**Data**
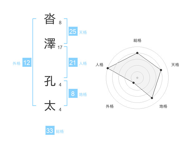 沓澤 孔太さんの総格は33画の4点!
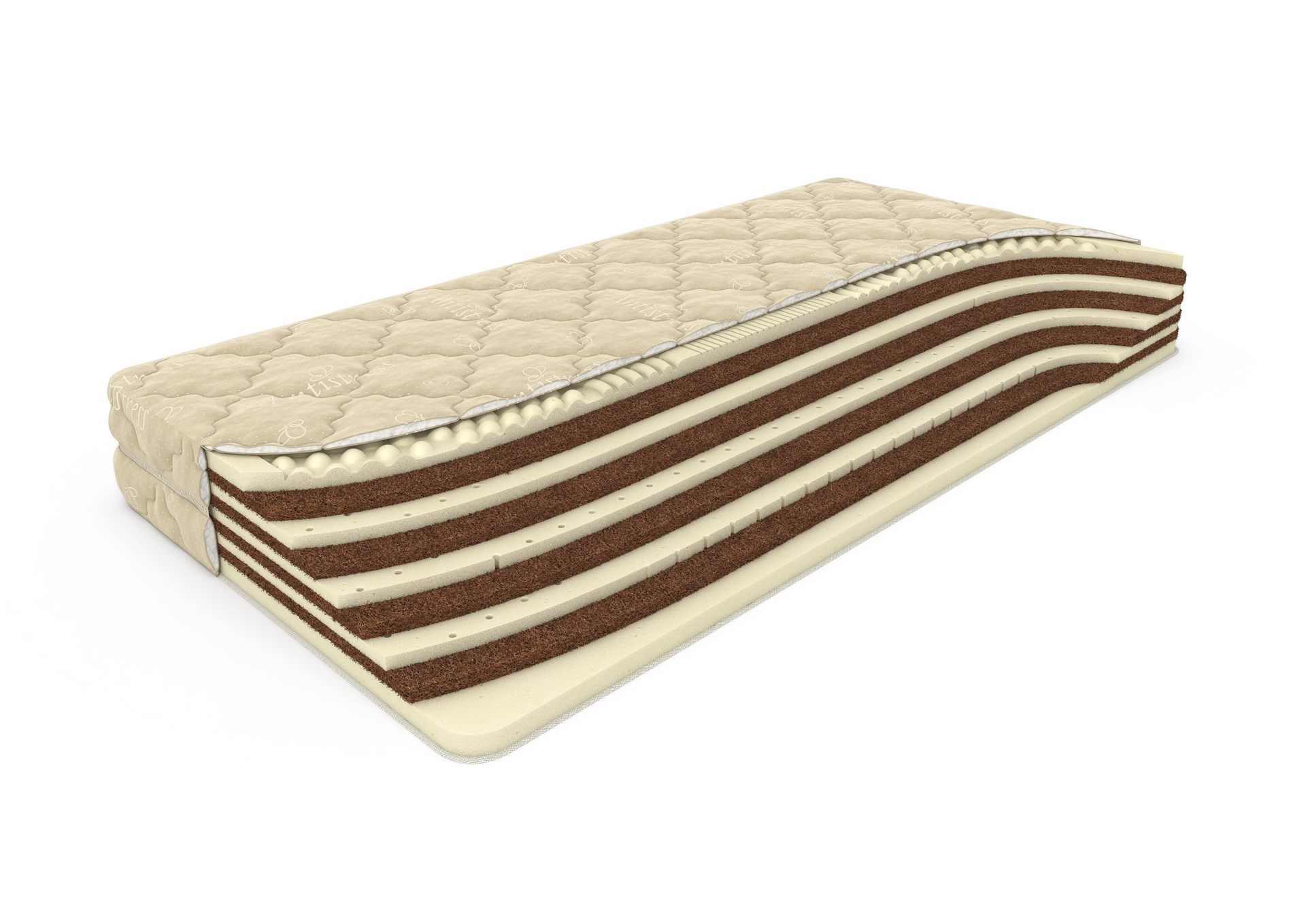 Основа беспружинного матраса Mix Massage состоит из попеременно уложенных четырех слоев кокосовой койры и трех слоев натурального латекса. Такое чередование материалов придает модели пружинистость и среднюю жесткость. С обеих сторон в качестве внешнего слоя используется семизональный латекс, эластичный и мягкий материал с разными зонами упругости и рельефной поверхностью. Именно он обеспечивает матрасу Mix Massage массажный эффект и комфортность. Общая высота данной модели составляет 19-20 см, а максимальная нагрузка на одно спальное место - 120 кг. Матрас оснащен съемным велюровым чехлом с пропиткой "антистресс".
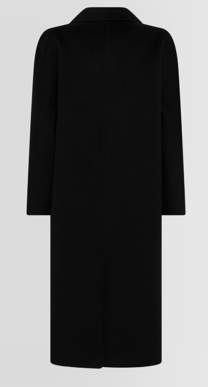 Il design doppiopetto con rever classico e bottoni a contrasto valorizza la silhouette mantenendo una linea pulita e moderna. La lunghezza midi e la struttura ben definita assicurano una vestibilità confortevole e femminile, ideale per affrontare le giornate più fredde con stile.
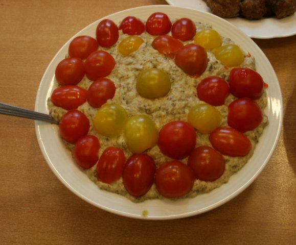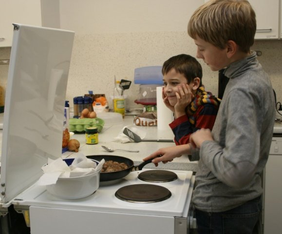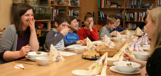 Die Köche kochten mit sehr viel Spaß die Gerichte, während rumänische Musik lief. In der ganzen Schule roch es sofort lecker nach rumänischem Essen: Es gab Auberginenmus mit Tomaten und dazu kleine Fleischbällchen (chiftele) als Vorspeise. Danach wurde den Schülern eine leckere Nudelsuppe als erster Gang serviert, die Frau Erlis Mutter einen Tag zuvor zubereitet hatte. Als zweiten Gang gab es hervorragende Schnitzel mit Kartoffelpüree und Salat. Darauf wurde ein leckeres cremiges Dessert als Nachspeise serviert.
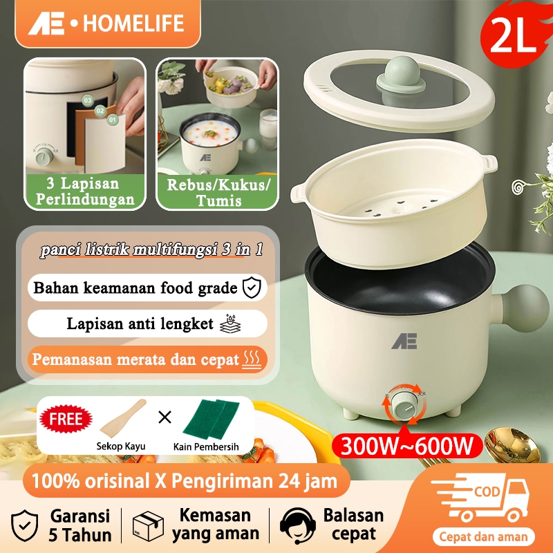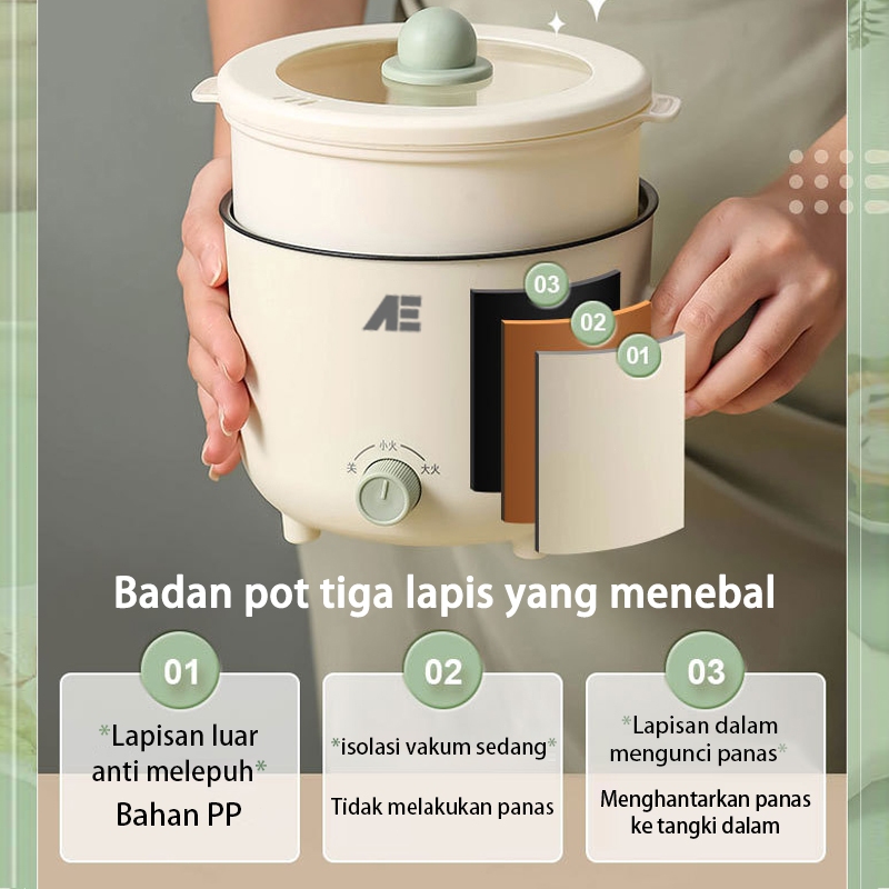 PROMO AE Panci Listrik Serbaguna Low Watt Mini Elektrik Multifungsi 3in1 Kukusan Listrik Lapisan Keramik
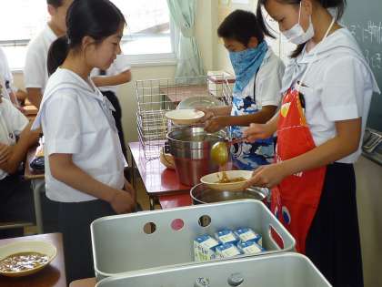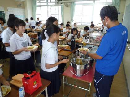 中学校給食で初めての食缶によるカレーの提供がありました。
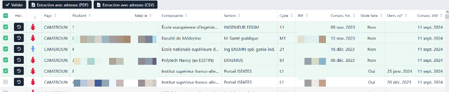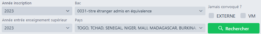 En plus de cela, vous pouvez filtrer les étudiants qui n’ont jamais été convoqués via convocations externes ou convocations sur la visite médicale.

**Instructions for the task**
Copy out the listing exactly as it stands, but not the pictures.

**Response to the task**
 沓澤 孔太さんの総格は33画の4点!
 Основа беспружинного матраса Mix Massage состоит из попеременно уложенных четырех слоев кокосовой койры и трех слоев натурального латекса. Такое чередование материалов придает модели пружинистость и среднюю жесткость. С обеих сторон в качестве внешнего слоя используется семизональный латекс, эластичный и мягкий материал с разными зонами упругости и рельефной поверхностью. Именно он обеспечивает матрасу Mix Massage массажный эффект и комфортность. Общая высота данной модели составляет 19-20 см, а максимальная нагрузка на одно спальное место - 120 кг. Матрас оснащен съемным велюровым чехлом с пропиткой "антистресс".
 Il design doppiopetto con rever classico e bottoni a contrasto valorizza la silhouette mantenendo una linea pulita e moderna. La lunghezza midi e la struttura ben definita assicurano una vestibilità confortevole e femminile, ideale per affrontare le giornate più fredde con stile.
 Die Köche kochten mit sehr viel Spaß die Gerichte, während rumänische Musik lief. In der ganzen Schule roch es sofort lecker nach rumänischem Essen: Es gab Auberginenmus mit Tomaten und dazu kleine Fleischbällchen (chiftele) als Vorspeise. Danach wurde den Schülern eine leckere Nudelsuppe als erster Gang serviert, die Frau Erlis Mutter einen Tag zuvor zubereitet hatte. Als zweiten Gang gab es hervorragende Schnitzel mit Kartoffelpüree und Salat. Darauf wurde ein leckeres cremiges Dessert als Nachspeise serviert.
 PROMO AE Panci Listrik Serbaguna Low Watt Mini Elektrik Multifungsi 3in1 Kukusan Listrik Lapisan Keramik
 中学校給食で初めての食缶によるカレーの提供がありました。
 En plus de cela, vous pouvez filtrer les étudiants qui n’ont jamais été convoqués via convocations externes ou convocations sur la visite médicale.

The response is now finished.